The most direct way is to drive your critical flows with an agent that operates a real browser and reports whether it reached the goal. With a tool like BrowserBash you write a plain-English objective, such as completing checkout or signing up, and an AI agent navigates your live pages step by step and returns a pass/fail verdict. A passing run is strong evidence that consumer agents like Atlas or Comet can complete the same journey, because they use the same reason-act-observe approach. Failures point you straight at the element or step where the page is hard for an agent to read.

What makes a website hard for AI agents to navigate?

The usual culprits are non-semantic markup (a styled <div> used as a button with no role), layout instability where the primary action moves around across similar pages, hidden or overlapping elements, unlabeled inputs, and success states communicated only by a subtle visual change with no text or URL update. Interruptions like cookie banners, pop-ups, and age gates also derail agents that have to treat each one as a detour rather than the goal. Most of these break agents while a determined human pushes through anyway, which is why they hide until you test specifically for agent-legibility.

Is agent-legibility testing the same as accessibility testing?

They overlap heavily but are not identical. Both agents and assistive technologies like screen readers consume the accessibility tree rather than the pixels, so semantic HTML, ARIA roles, and proper labels help both — and a site that works well with VoiceOver or NVDA usually works well with agents. The difference is that agents also plan multi-step tasks and reason about which control to use, so they can be derailed by interstitials and ambiguous affordances a screen-reader user would simply tab past. Run accessibility audits to fix the foundation, then run live agent walkthroughs to confirm end-to-end task completion.

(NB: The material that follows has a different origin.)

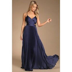 Lulus Got the Glam Navy Blue Pleated Cutout Maxi Dress Size Medium NEW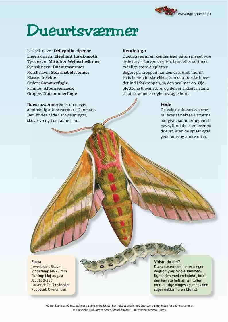 Dueurtsværmeren er en af de mest almindelige aftensværmere i Danmark. Den findes både i skovlysninger, skovbryn og i det åbne land.

Do I need a paid API key to test my site for AI agents?

No. BrowserBash is free and open-source, requires no account to run, and is Ollama-first, so it defaults to a local model where nothing leaves your machine and your model bill is $0. You only need Node 18 or newer and Chrome for the default local provider. The honest caveat is that very small local models (8B and under) are unreliable on long multi-step flows, so for real checkout-style journeys use a mid-size local model in the Qwen3 or Llama 3.3 70B class, or supply an Anthropic or OpenAI key for the hardest paths.

Start testing how agents experience your site today. Install with npm install -g browserbash-cli, point it at a staging flow, and watch where an agent gets stuck. When you want a shared dashboard, create a free account (account optional) at browserbash.com/sign-up.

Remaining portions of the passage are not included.